Yield: 4 servings
How about Them Apples?
Everything they say about apples is true—including bushels of ripe ones being available right now. It may be a flavonoid called quercetin that keeps the doctor away. Or perhaps it’s the pectin, a soluble fiber believed to reduce blood cholesterol. This recipe adds the phytochemicals in raisins, oats, walnuts, cinnamon and nutmeg to the mix. The more you substitute this delicious dessert for cookies and ice cream the leaner and healthier you’ll be.

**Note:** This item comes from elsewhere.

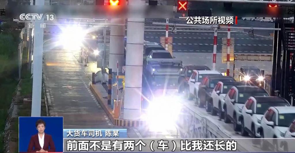 大货车司机 陈某:之前都是往高速服务区“倒板”。比如拉 7 台车上高速,不管车长 30 米还是 40 米,挂车都是不合规的,但是高速口都让上,只要拉 7 台就可以上,进到服务区里。然后用合规的车再拉 7 台,卸到服务区我再装上。之前服务区没人管控,现在服务区装不了了。

Baked Apples With Maple Yogurt Sauce
4 large, firm, tart apples, such as Fuji, Pink Lady, or Gala
1-2 Tbsp. packed brown sugar
1/4 cup raisins
1/2 cup instant rolled oats
1/4 cup finely chopped walnuts
2 tsp cinnamon
1/2 tsp. nutmeg
Maple Yogurt Sauce:
3/4 cup lowfat yogurt
1/4 cup maple syrup
Core the apples and remove the top inch of the skin. Make a shallow cut just breaking through skin around the center of each apple to prevent skin from bursting. Place the apples upright in baking dish or pie plate. In small bowl, combine brown sugar, raisins, rolled oats, walnuts, cinnamon and nutmeg. Mix until combined. Spoon into center of each apple. Add water to cover bottom of dish. Bake, uncovered, in 375 degrees in oven for 25 to 30 minutes for less firm apples, and up to 50 minutes for firm varieties, or until apples are tender when pierced with a toothpick. Maple yogurt sauce: In bowl, combine yogurt and maple syrup. Pour over baked apples.
Microwave method: Apples baked in the microwave have tougher skins than oven-baked ones. Prepare as directed in recipe. Pierce skin in several places with a toothpick to prevent skin from bursting. Cover with waxed paper; microwave at high power for 6 to 9 minutes or until apples are almost tender. Let stand for 5 minutes. Serve with maple yogurt sauce.
Makes 4 servings.
Per serving: 262 calories and 1 gram fat.